--- Work task ---
The pictures get left out, but everything else in the listing below must be duplicated exactly.

Dataset section start

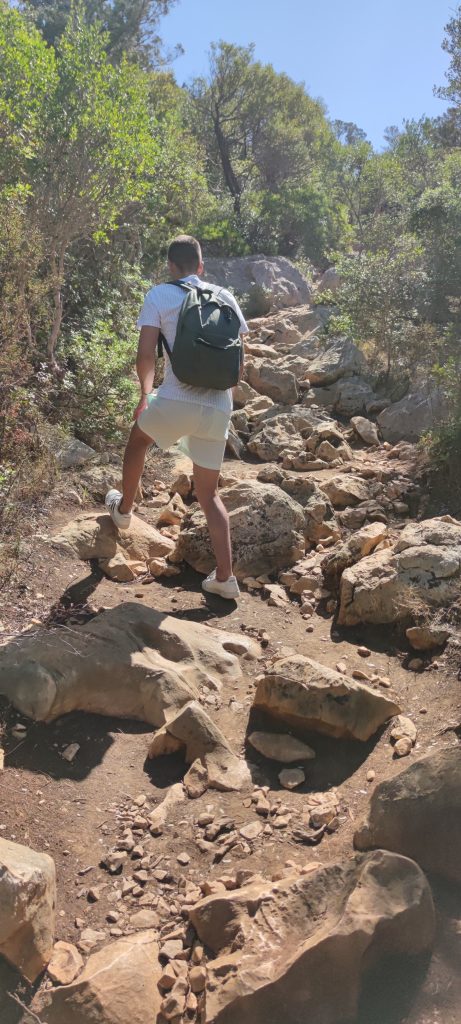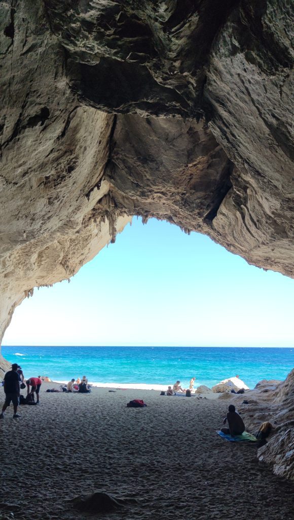 Ante este imprevisto, la única manera que había de llegar a alguna de las calas, principalmente hasta Cala Luna, era andando. Para comenzar la ruta teníamos que ir hasta Spiaggia di Cala Fuili. Desde esta playa sale el sendero para llegar hasta Cala Luna. Es un camino de hora y media o dos horas, obviamente esto depende del ritmo, con algunas partes un poquito complicadas y escarpadas. A pesar de ello es una ruta bastante bonita. A lo largo del trayecto salen algunas desviaciones del camino hacia otras calas intermedias como Spiaggia Ziu Santoru o Cala di Oddoana. Una vez llegas a Cala Luna, hay un bar-restaurante para refrescarte después del esfuerzo de la ruta. Aquí también vas a poder disfrutar de la Grotte di Dorgali, un espectacular agujero en la montaña con arena blanca finita para disfrutar de la playa.
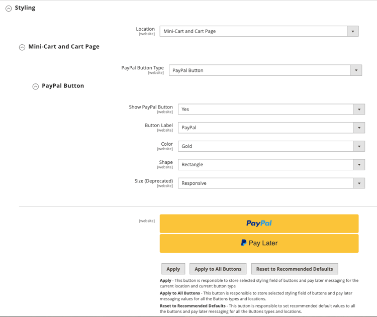 Per ripristinare i valori predefiniti consigliati per i pulsanti e i messaggi PayLater e applicarli a tutti i tipi di pulsanti e le posizioni, fare clic su Reset to Recommended Defaults.
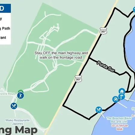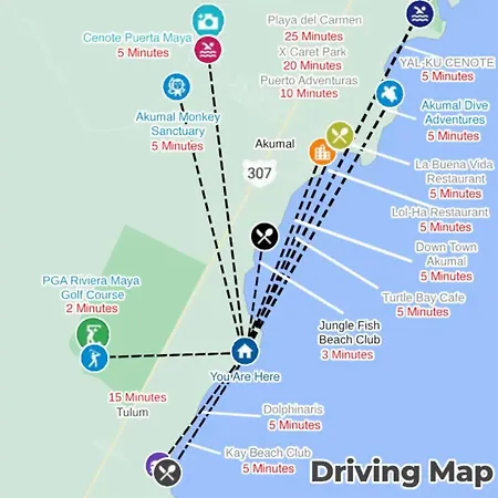 Akumal Monkey Sanctuary daireden 10 dakikalık, Aktun Chen mağaraları ise 15 dakikalık bir sürüş uzaklığındadır. Şehir merkezi daireden 2 km uzaklıktayken Playa del Carmen havalimanı 40 km mesafede bulunmaktadır. Jungle Fish Beach Club, Jungle Fish yürüyerek 14 dakika mesafede bulunmaktadır. Konaklama tesisi Akumal Plajı'a kısa sürüş uzaklığındadır.
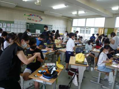 5年生が、キャンプの時に使う名札を、家庭科の時間に自分で縫って作りました。
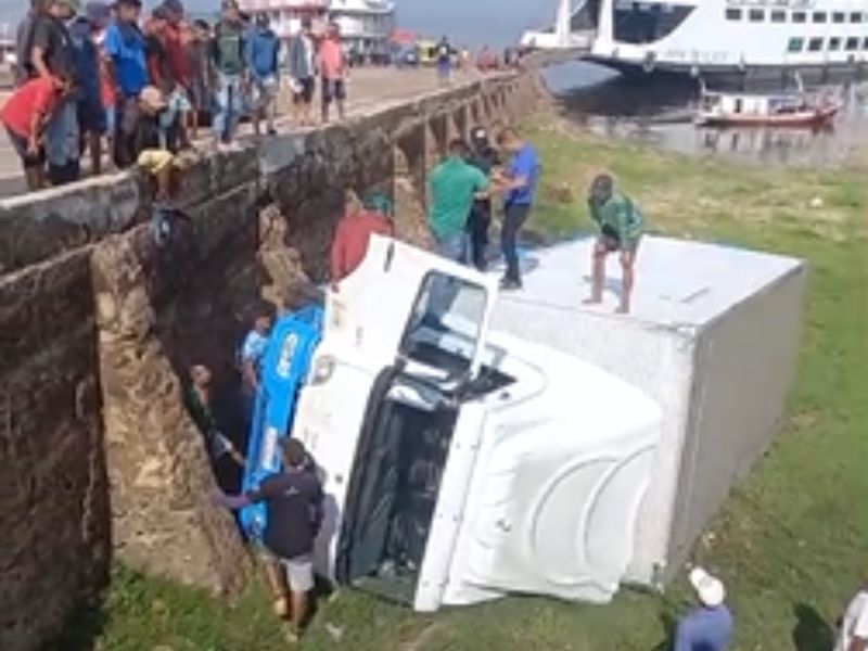 Um caminhão baú tombou na manhã desta quarta-feira (3) na área conhecida como Língua da Princesa, no Centro de Maués, interior do Amazonas, não houve feridos, o motorista, que permaneceu consciente, foi socorrido e encaminhado ao Hospital Geral de Maués para exames.

Dataset section end

--- Result ---
 Ante este imprevisto, la única manera que había de llegar a alguna de las calas, principalmente hasta Cala Luna, era andando. Para comenzar la ruta teníamos que ir hasta Spiaggia di Cala Fuili. Desde esta playa sale el sendero para llegar hasta Cala Luna. Es un camino de hora y media o dos horas, obviamente esto depende del ritmo, con algunas partes un poquito complicadas y escarpadas. A pesar de ello es una ruta bastante bonita. A lo largo del trayecto salen algunas desviaciones del camino hacia otras calas intermedias como Spiaggia Ziu Santoru o Cala di Oddoana. Una vez llegas a Cala Luna, hay un bar-restaurante para refrescarte después del esfuerzo de la ruta. Aquí también vas a poder disfrutar de la Grotte di Dorgali, un espectacular agujero en la montaña con arena blanca finita para disfrutar de la playa.
 Per ripristinare i valori predefiniti consigliati per i pulsanti e i messaggi PayLater e applicarli a tutti i tipi di pulsanti e le posizioni, fare clic su Reset to Recommended Defaults.
 Akumal Monkey Sanctuary daireden 10 dakikalık, Aktun Chen mağaraları ise 15 dakikalık bir sürüş uzaklığındadır. Şehir merkezi daireden 2 km uzaklıktayken Playa del Carmen havalimanı 40 km mesafede bulunmaktadır. Jungle Fish Beach Club, Jungle Fish yürüyerek 14 dakika mesafede bulunmaktadır. Konaklama tesisi Akumal Plajı'a kısa sürüş uzaklığındadır.
 5年生が、キャンプの時に使う名札を、家庭科の時間に自分で縫って作りました。
 Um caminhão baú tombou na manhã desta quarta-feira (3) na área conhecida como Língua da Princesa, no Centro de Maués, interior do Amazonas, não houve feridos, o motorista, que permaneceu consciente, foi socorrido e encaminhado ao Hospital Geral de Maués para exames.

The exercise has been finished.